Qualcomm stands accused by the Federal Trade Commission, with the active support of Apple and key testimony by Huawei, of overcharging for its industry-founding intellectual property backed by the alleged threat to withhold its industryleading microprocessor chips. If Judge Lucy H. Koh’s ruling, which could happen soon, goes against Qualcomm, a harmful blow could be dealt to the California tech company that has powered the United States’ global competitiveness in wireless technology.
Qualcomm, one of America’s most innovative companies, delivers the technologies underneath many of the smartphone features that consumers value and appreciate most, such as fast data rates, mobile video, GPS navigation, location tracking and more. A very large patent portfolio underpins, and protects, Qualcomm’s vast investment in those technologies.
From its early days, Qualcomm followed the industrystandard practice of licensing these technologies to devicemakers. Later, after Qualcomm started developing chips, Qualcomm adopted industrywide licensing practices that resulted in a reasonable policy that a user of its intellectual property, such as a device-maker, must have a Qualcomm patent portfolio license to buy Qualcomm chips. It is to this practice that the FTC has objected, claiming that Qualcomm’s business model is anti-competitive.
Since by law the FTC regulates competitive conditions, not prices, the commission somewhat dubiously argues that Qualcomm has too much bargaining leverage against Apple and other device-makers, such as Huawei. For example, to reach this conclusion, the FTC arbitrarily segments the market for LTE chips into premium and nonpremium, confines its focus to the premium space where Qualcomm has been successful, then ignores the competitive forces at work in that space, where Qualcomm faces competition not only from MediaTek, Samsung and Intel, but Huawei. (Ironically, Apple dialed down the performance of the Qualcomm chips it puts into its iPhones so that unlucky consumers who got an iPhone with an Intel chip inside wouldn’t notice the slower speed relative to the equivalent Qualcomm-powered iPhones.)

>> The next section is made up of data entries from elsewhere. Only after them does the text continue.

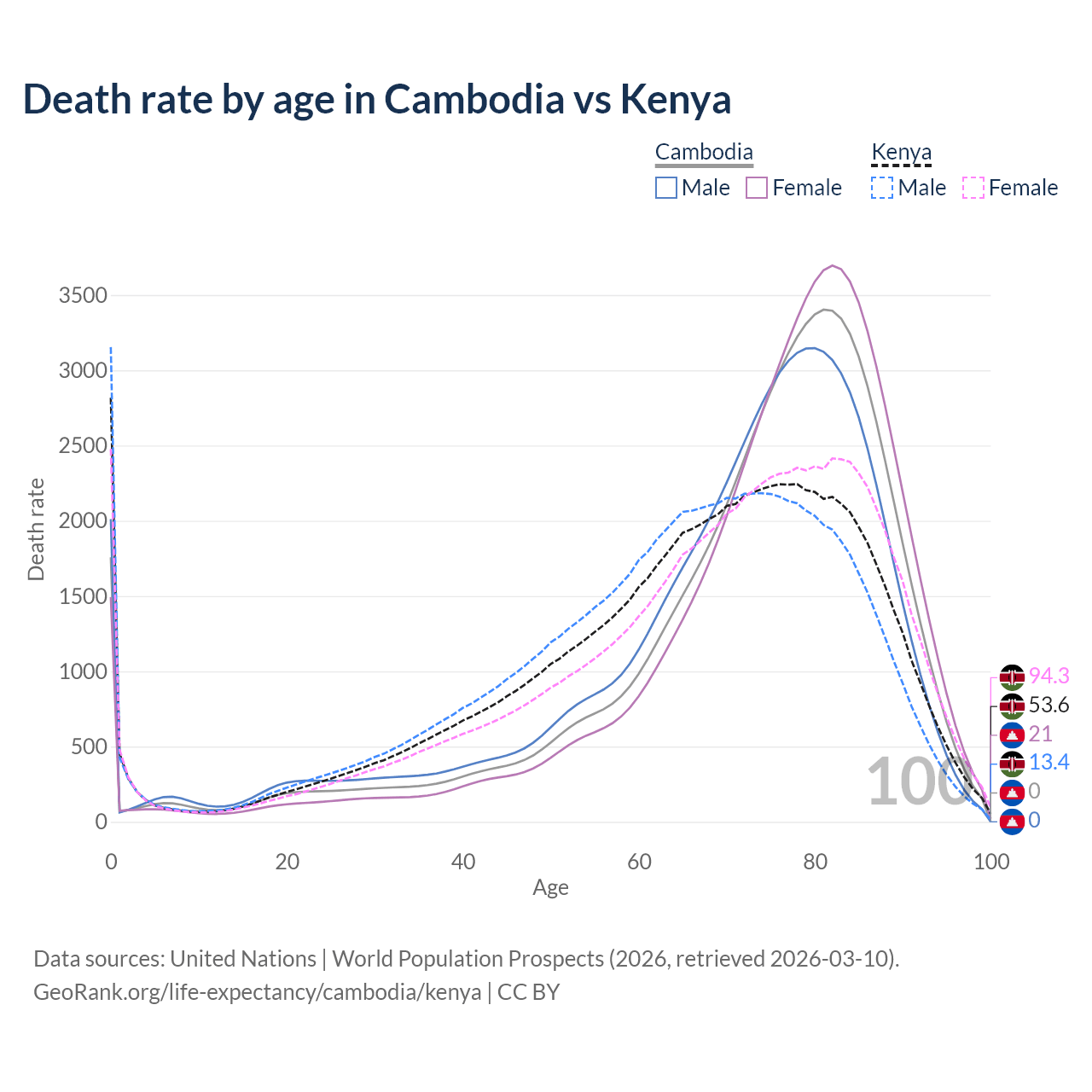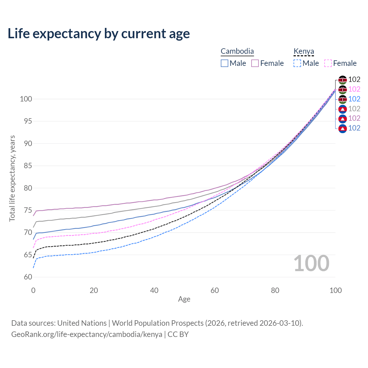 This life expectancy calculator shows the odds of living to 100, 95, 90, and below based on current age for both males and females in Cambodia and Kenya, along with mean and median age of death. The calculations are based on the 2026 life tables (actuarial tables) from the UN World Population Prospects.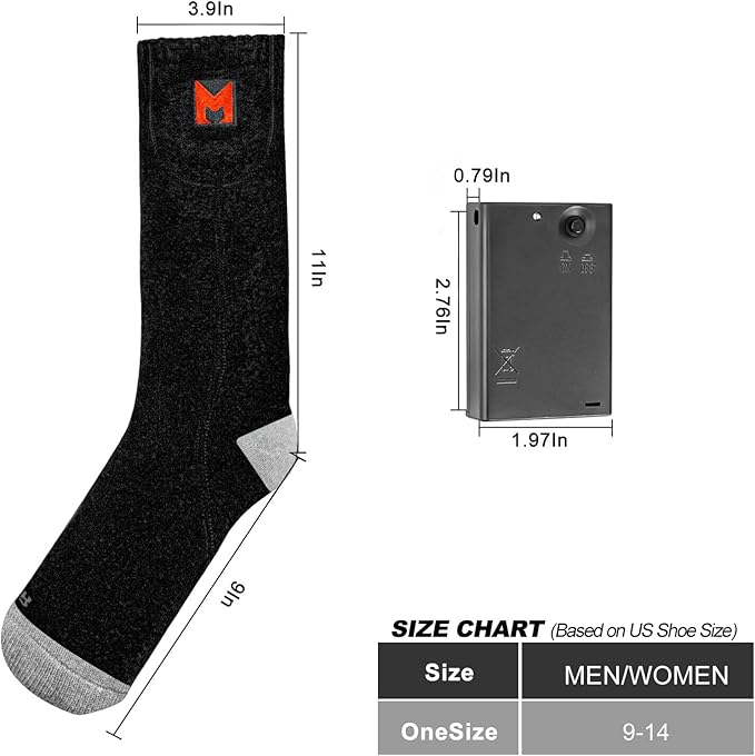 - 【Necessary for Winter】: With the electric heating socks, you can enjoy your fishing, camping, snowboarding, hunting, hiking, skiing, snowboard, and outdoor work, etc. The winter battery socks is a considerate gift for your parents, friends and family. One size for most people.
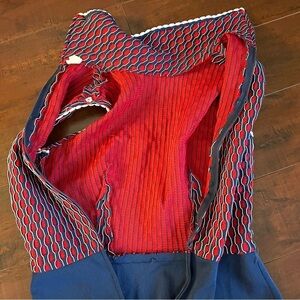 Adorable back zip dress, red top is a sheer mesh. Great vintage condition.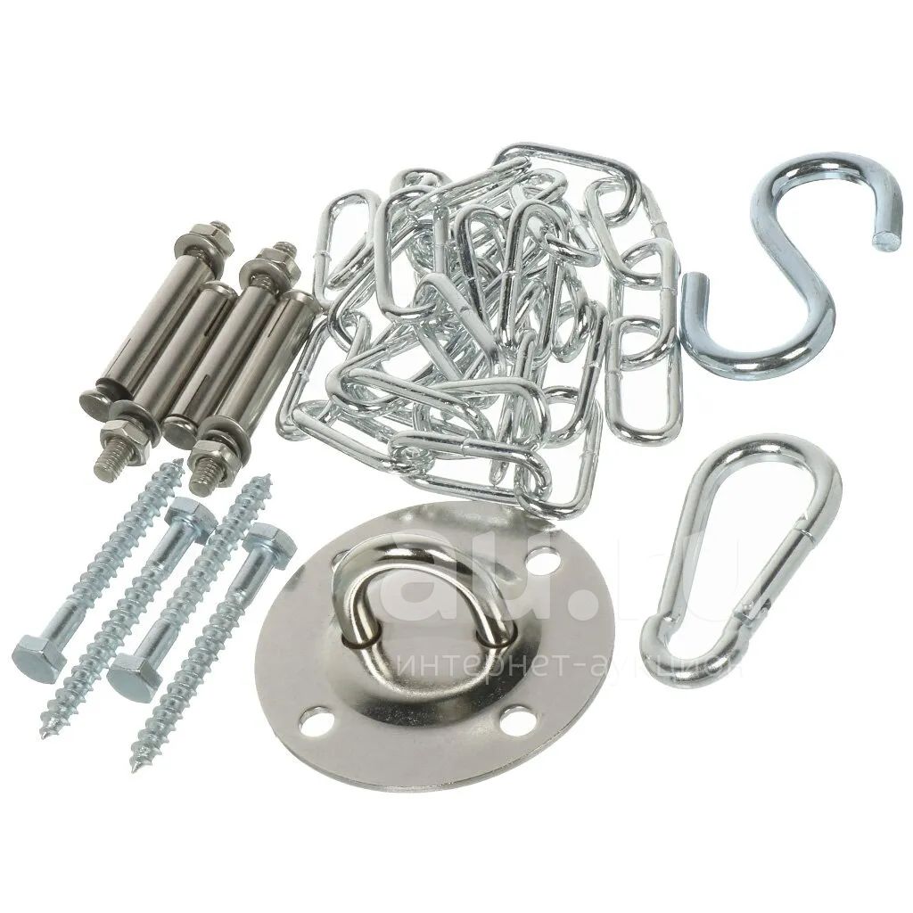 Комплект для подвесных кресел цепь стальная 1 м, 4 шурупа для дерева, 4 шурупа для бетона, потолочный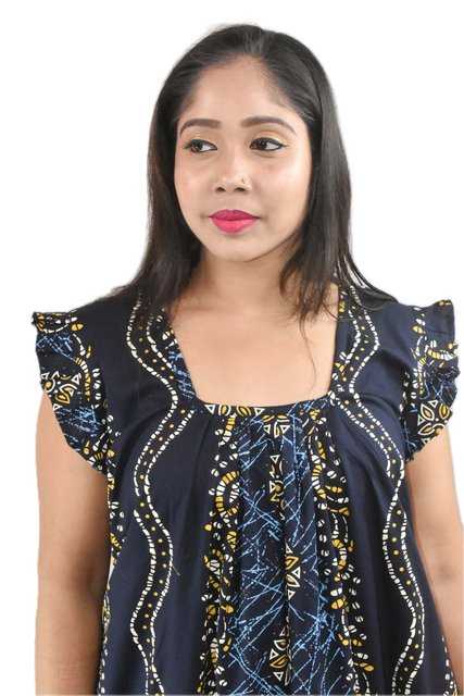 BDROX Blue Cotton Maxi Nighty Square Neck Short Sleeves with Pleats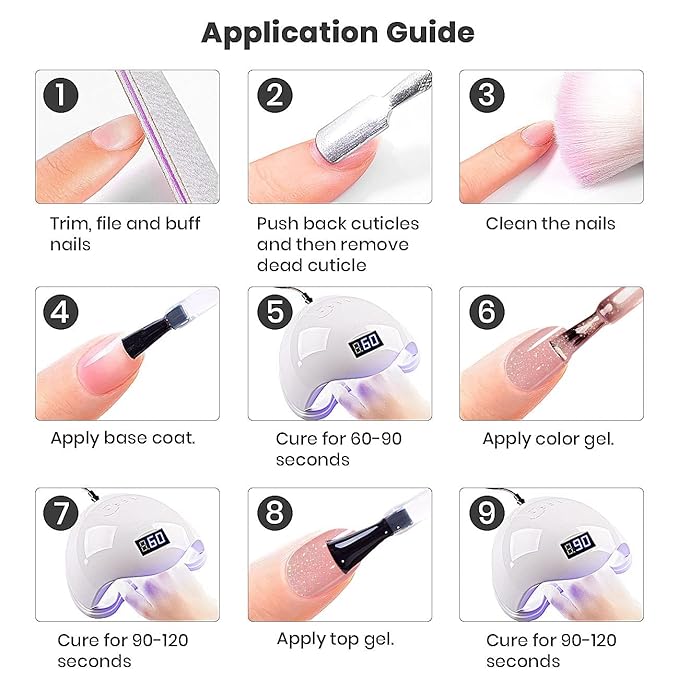 - SALON QUALITY HOME USED:Glitter jelly nude gel nail polish is good choice for use in a professional nail salon or nail starter at home.You can design your own manicure at home to show your style. Remember the gel polish needs to be cured under LED or UV nail lamp. Average for Nail Lamp 60-120 secs

California’s tech companies, big and small, should shudder at the FTC’s “tunnel vision” because highly innovative firms could easily be accused of monopoly in gerrymandered markets, possibly resulting in overturned business models. Bad theories leveraged against innovative firms do not make for sound antitrust policy nor, when those rivals are geopolitical stand-ins for large powers, for sensible national security policy.
Qualcomm’s evident licensing aim is to get Apple — and all users of its technology, whether in America, Europe or in China — to pay for the use of that technology. Patents are not self-enforcing and Judge Koh (if not the FTC) should recognize that Qualcomm’s business model is simply trying to get reluctant and recalcitrant infringers to pay a price sufficient to support the R&D investments needed to propel the industry forward. Without that support, the innovation will not be made in the USA. It is precisely here that an ill-conceived antitrust suit undermines national security.

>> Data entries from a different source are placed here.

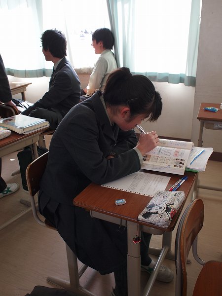 県立入試目前ということで、3年生は休み時間も机に向かい受験に向けて学習を進めています。黙々と学習を進める生徒、教え合う生徒と様々ですが、限られた貴重な時間を大切にしているようでした。努力した分だけ、必ず自分のチカラに変わります。最後まで諦めずに頑張って欲しいと思います。頑張れ3年生!!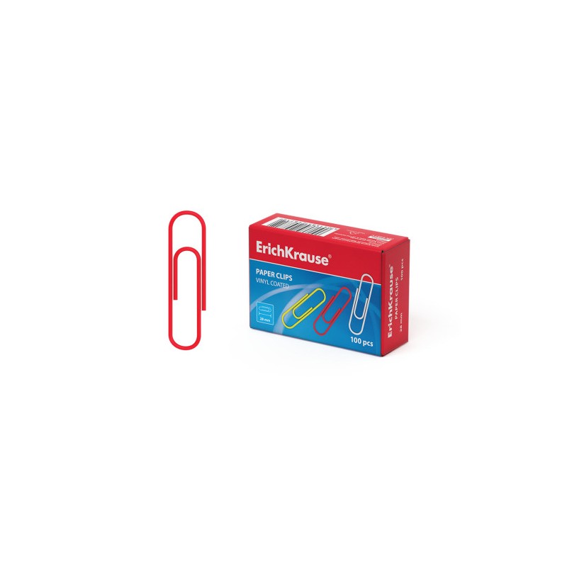 Clips con recubrimiento de plastico de colores ErichKrause®, 28mm (caja 100 uds). Clips recubiertos de vinilo hechos de alambre de acero de alta calidad con caracteristicas de resistencia mejoradas. Adecuado para uso multiple. Resistente a la corrosion. Papel sin manchas y sin aranazos.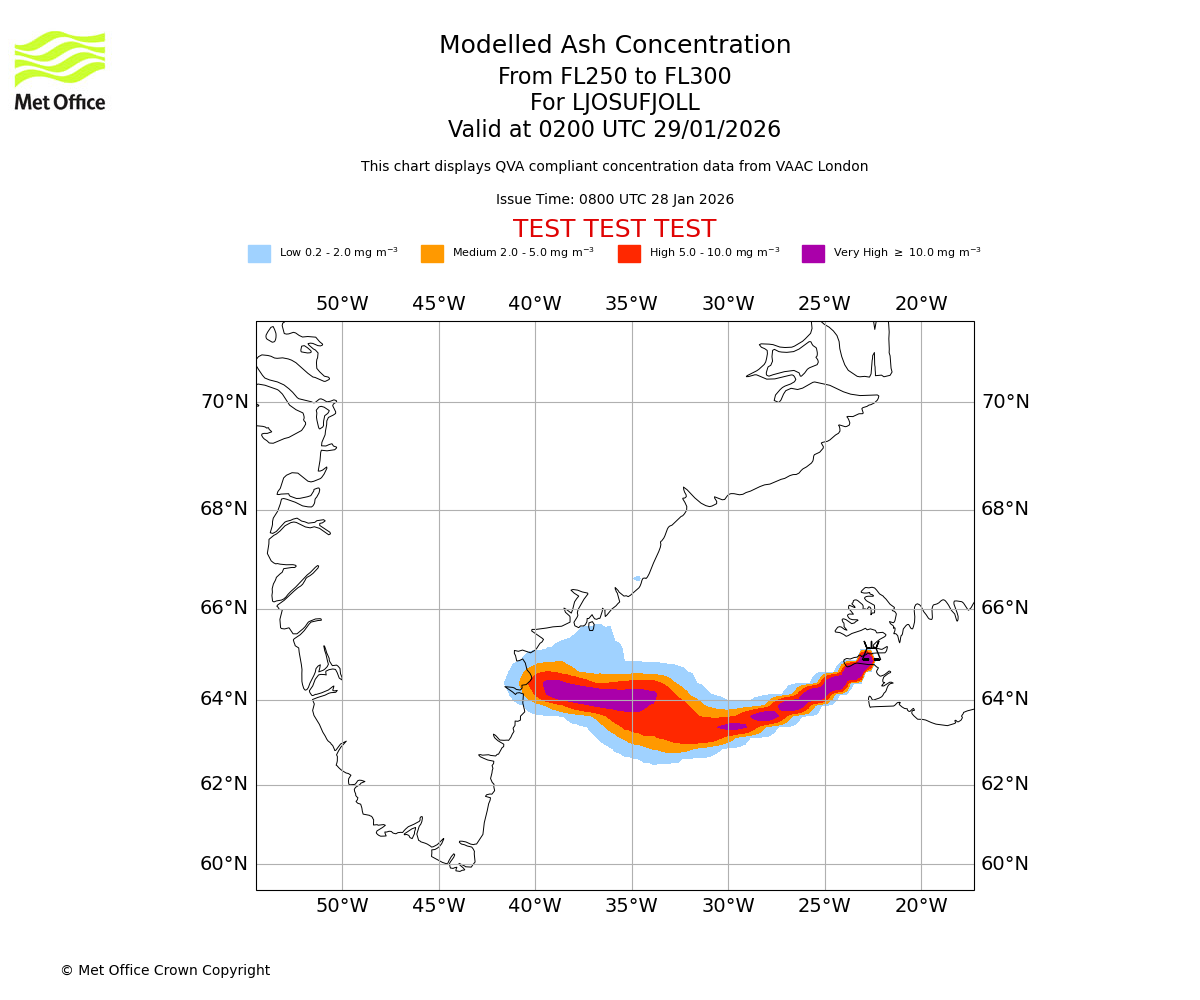 Modelled ash concentration from 250 to 300 for LJOSUFJOLL. Valid at 2300 UTC 28/01/2026

The regulatory excess on display in FTC vs. Qualcomm would be less troubling if in March 2018 the Committee on Foreign Investment in the United States (CFIUS) had not already explicitly recognized, in blocking an acquisition of Qualcomm by Broadcom, that “a reduction in Qualcomm’s long-term competitiveness ... would significantly impact U.S. national security.” The judgment was that even though Broadcom was Singaporebased, the research contribution made by Qualcomm was simply too important to the U.S. national security to risk such offshore ownership. So now, what Broadcom could not do by acquisition, our own FTC may accomplish through a lawsuit.
There is little doubt that if Judge Koh enters an injunction dissolving Qualcomm’s business model, which is what the FTC has requested, all licensees will cease paying their agreed-upon royalties, and Qualcomm will in short order be in financial distress. And with the FTC and CFIUS at odds and no institutional mechanism to iron out their differences, U.S. national interest may also become a victim.
In sum, it would be selfdefeating, if an effort to resolve an ill-considered antitrust action ended by seriously compromising America’s global competitiveness and national security interests, especially as our confrontations with China over tech theft, trade inequities, the South China Sea, Taiwan and myriad other issues show every sign of becoming more belligerent.
David Teece is a professor at the Institute for Business Innovation, Haas School of Business, UC Berkeley, and chairman of the Berkeley Research Group. Orville Schell is the director of the Center on U.S.-China Relations at the Asia Society.